Task directions:
Write out the records in full and without alteration, setting aside their pictures.

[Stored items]
Content starts

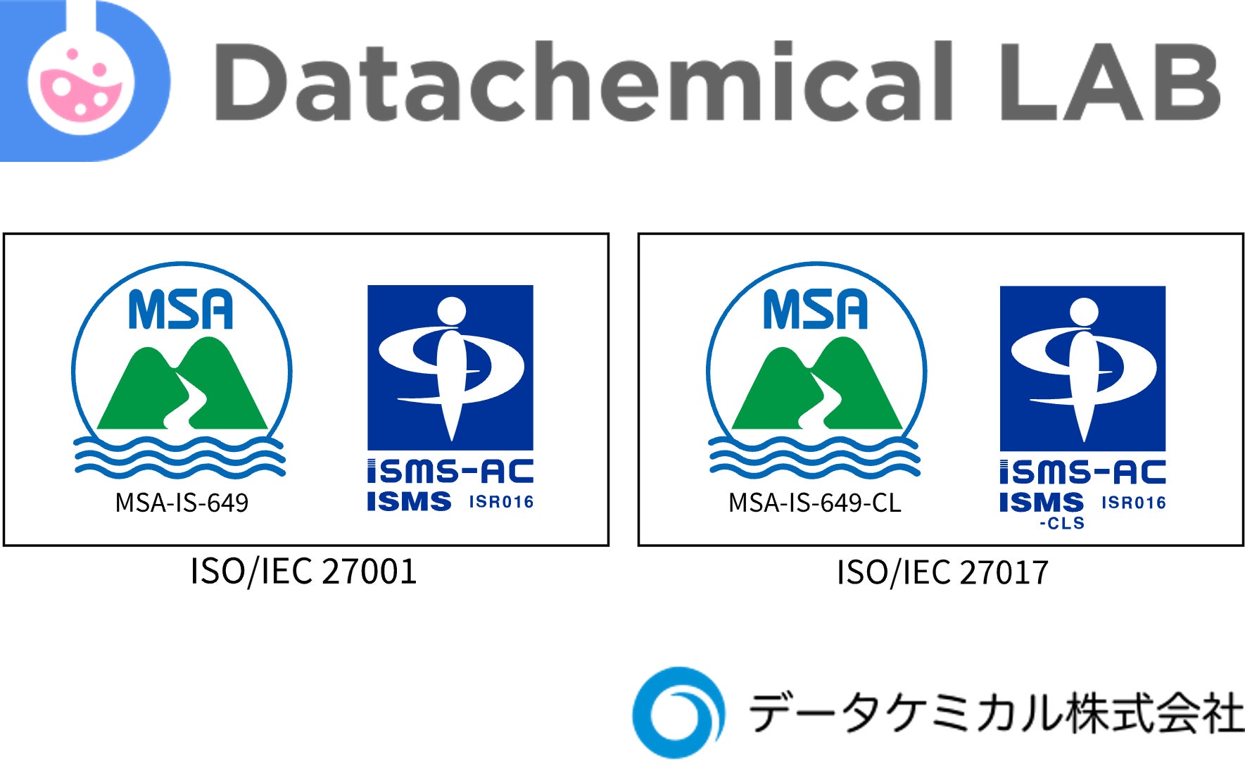 化学の実験データ活用AIクラウドサービス「Datachemical LAB(データケミカルラボ)」を提供するデータケミカル株式会社(代表取締役:吉丸昌吾、本社:東京都渋谷区)は、2023年5月、情報セキュリティマネジメントシステム(ISMS)の国際規格である「ISO/ IEC 27001」、およびISMSクラウドセキュリティ認証「ISO/ IEC 27017」を取得したことをお知らせいたします。
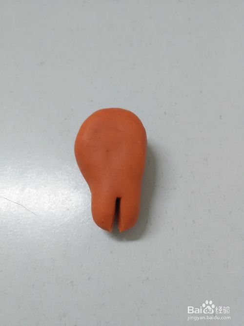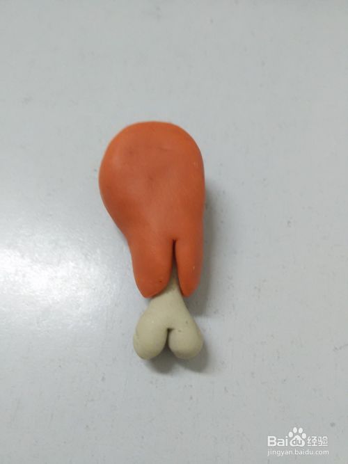 用将桔色彩泥捏成一个大大的水滴形状,当作鸡腿肉。
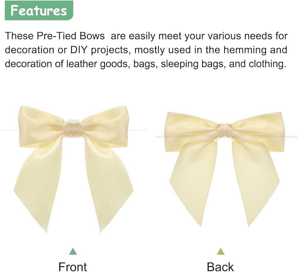 These Pre-Tied Bows are easily meet your various needs for decoration or DIY projects, mostly used in the hemming and decoration of leather goods, bags, sleeping bags, tents, and clothing. These vibrant crafted bows are designed to be both sturdy and can be used over an extended duration.
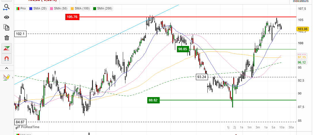 Les objectifs, seuils d'invalidation graphiques et autres informations sont indiqués à titre purement informatif et sont susceptibles d’évoluer en fonction des conditions de marché. Bourse Direct ne peut en garantir l’exactitude ou la fiabilité.
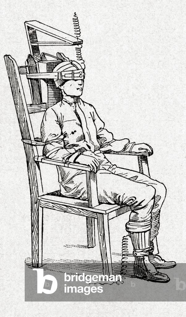 KWE3253018 Execution by electrocution using an electric chair. From Enciclopedia Ilustrada Segui, published c. 1900.
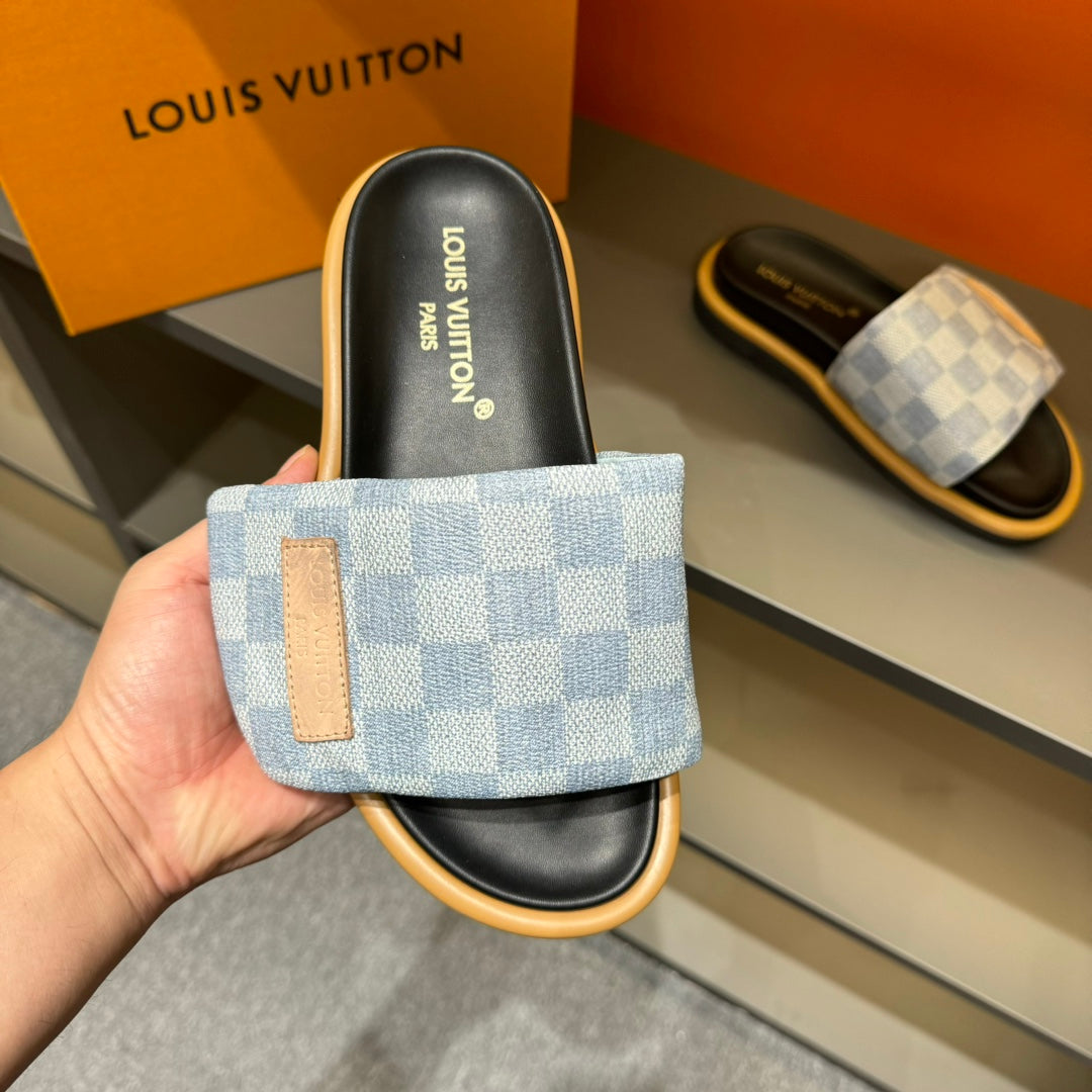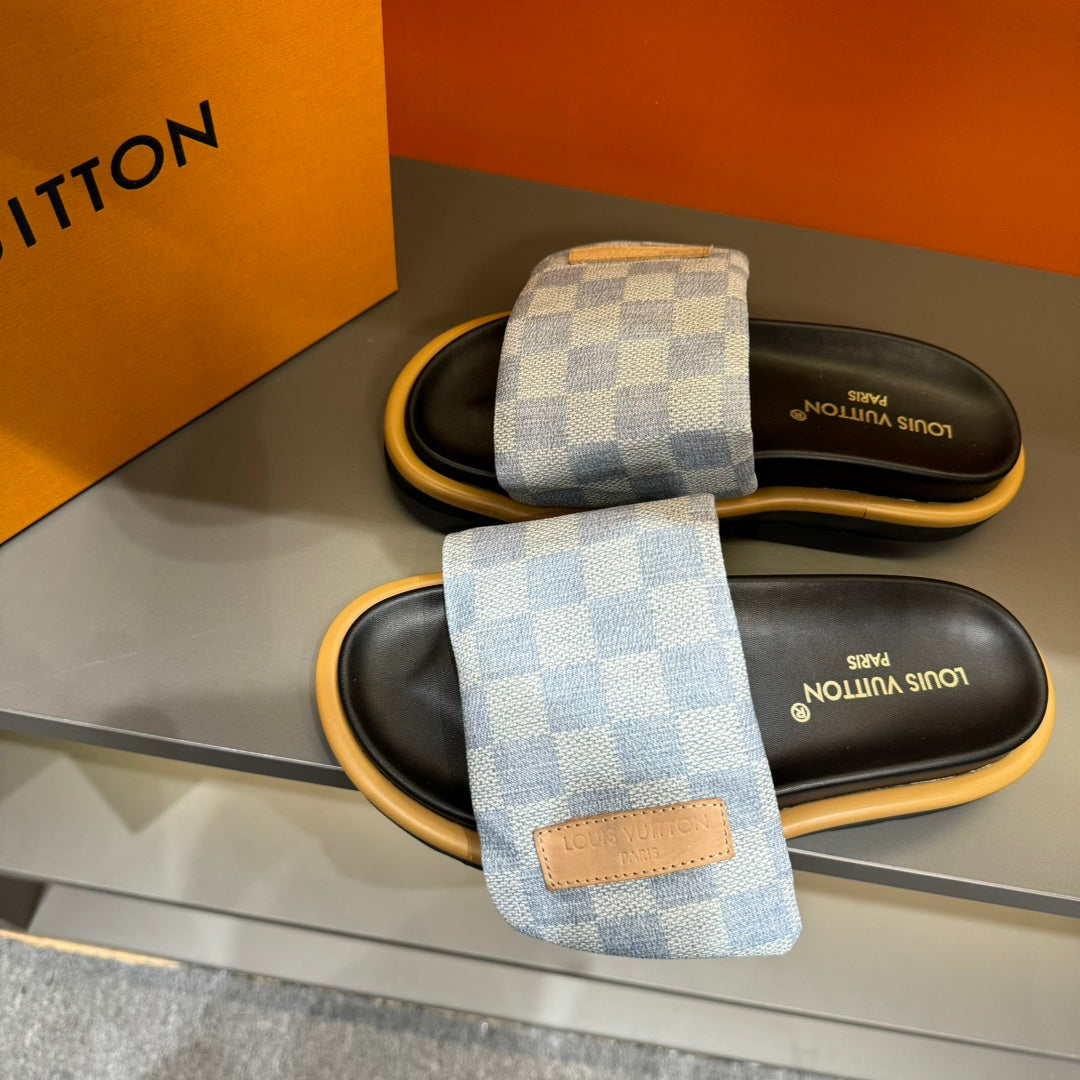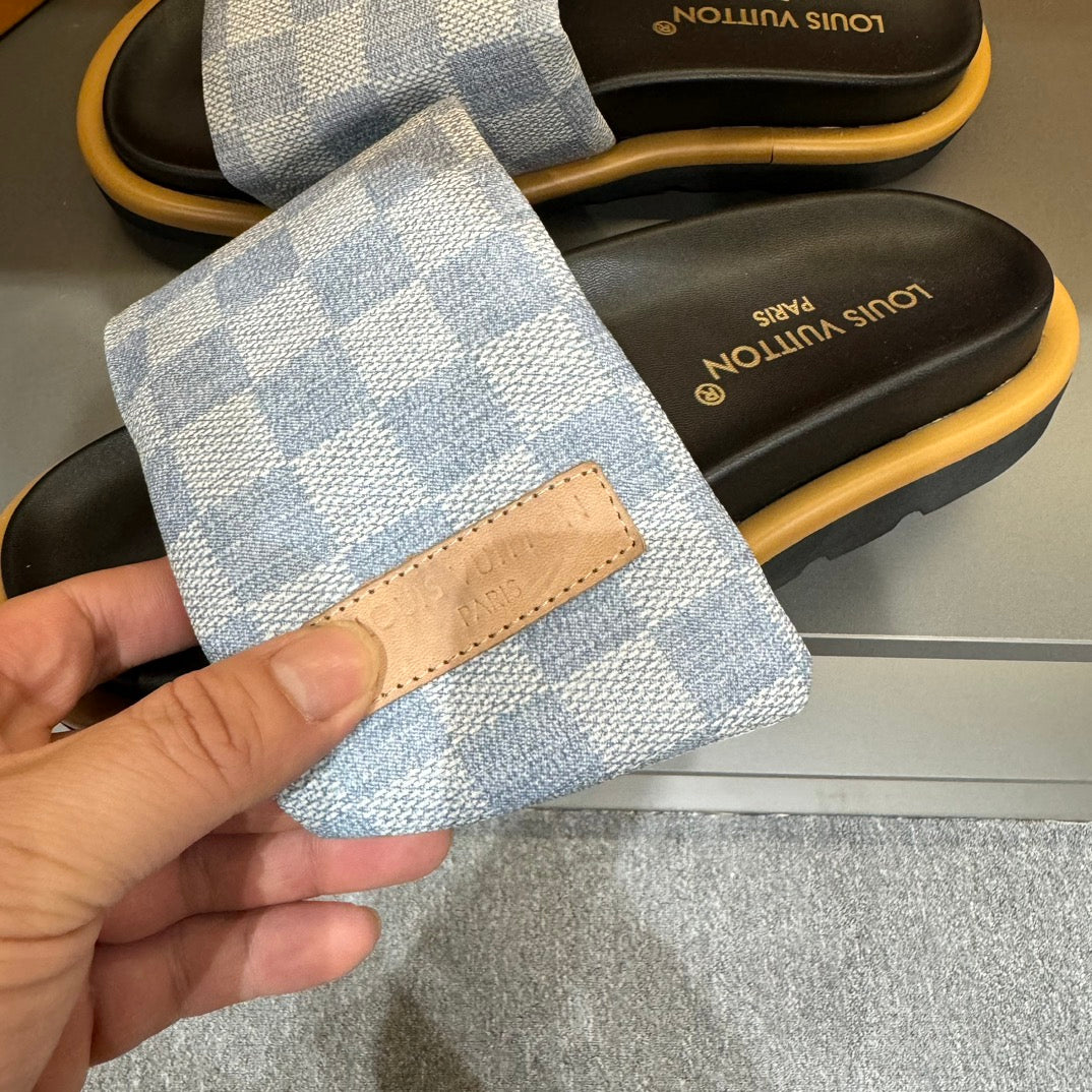 LV VELCRO SLIPPERS LIGHT BLUE DAMIER MONOGRAM JACQUARD
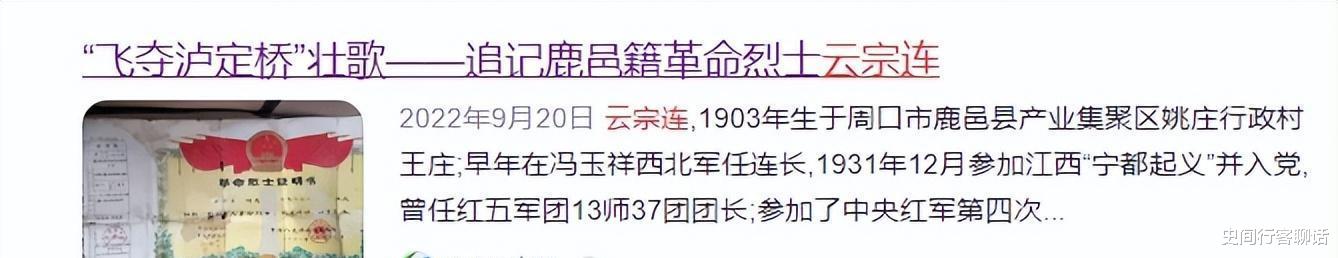 2、英雄壮举“抢占泸定桥”——回忆鹿邑英雄云宗连——鹿邑新闻 2022年9月20日在革命历史中,有一段关于鹿邑籍烈士云宗连的英勇事迹,那就是“抢占泸定桥”。今天,我们再次追忆这位英雄的壮举。云宗连,作为鹿邑的骄傲,他在那场激烈的战斗中,展现出了非凡的勇气和决心。面对敌人的重重防守,他没有退缩,而是带领战友们奋勇向前,誓要拿下泸定桥。那场战斗惊心动魄,云宗连和他的战友们冒着枪林弹雨,冲过了敌人的封锁线。他们凭借着坚定的信念和顽强的毅力,最终成功抢占了泸定桥,为后续的战斗赢得了宝贵的胜利。云宗连的英勇事迹将永远铭刻在历史的长河中,他的精神也将激励着后人不断前行。作为鹿邑的一份子,我们深感自豪和骄傲,同时也将永远怀念这位伟大的革命烈士。

Content ends

Problem solution:
 化学の実験データ活用AIクラウドサービス「Datachemical LAB(データケミカルラボ)」を提供するデータケミカル株式会社(代表取締役:吉丸昌吾、本社:東京都渋谷区)は、2023年5月、情報セキュリティマネジメントシステム(ISMS)の国際規格である「ISO/ IEC 27001」、およびISMSクラウドセキュリティ認証「ISO/ IEC 27017」を取得したことをお知らせいたします。
 用将桔色彩泥捏成一个大大的水滴形状,当作鸡腿肉。
 These Pre-Tied Bows are easily meet your various needs for decoration or DIY projects, mostly used in the hemming and decoration of leather goods, bags, sleeping bags, tents, and clothing. These vibrant crafted bows are designed to be both sturdy and can be used over an extended duration.
 Les objectifs, seuils d'invalidation graphiques et autres informations sont indiqués à titre purement informatif et sont susceptibles d’évoluer en fonction des conditions de marché. Bourse Direct ne peut en garantir l’exactitude ou la fiabilité.
 KWE3253018 Execution by electrocution using an electric chair. From Enciclopedia Ilustrada Segui, published c. 1900.
 LV VELCRO SLIPPERS LIGHT BLUE DAMIER MONOGRAM JACQUARD
 2、英雄壮举“抢占泸定桥”——回忆鹿邑英雄云宗连——鹿邑新闻 2022年9月20日在革命历史中,有一段关于鹿邑籍烈士云宗连的英勇事迹,那就是“抢占泸定桥”。今天,我们再次追忆这位英雄的壮举。云宗连,作为鹿邑的骄傲,他在那场激烈的战斗中,展现出了非凡的勇气和决心。面对敌人的重重防守,他没有退缩,而是带领战友们奋勇向前,誓要拿下泸定桥。那场战斗惊心动魄,云宗连和他的战友们冒着枪林弹雨,冲过了敌人的封锁线。他们凭借着坚定的信念和顽强的毅力,最终成功抢占了泸定桥,为后续的战斗赢得了宝贵的胜利。云宗连的英勇事迹将永远铭刻在历史的长河中,他的精神也将激励着后人不断前行。作为鹿邑的一份子,我们深感自豪和骄傲,同时也将永远怀念这位伟大的革命烈士。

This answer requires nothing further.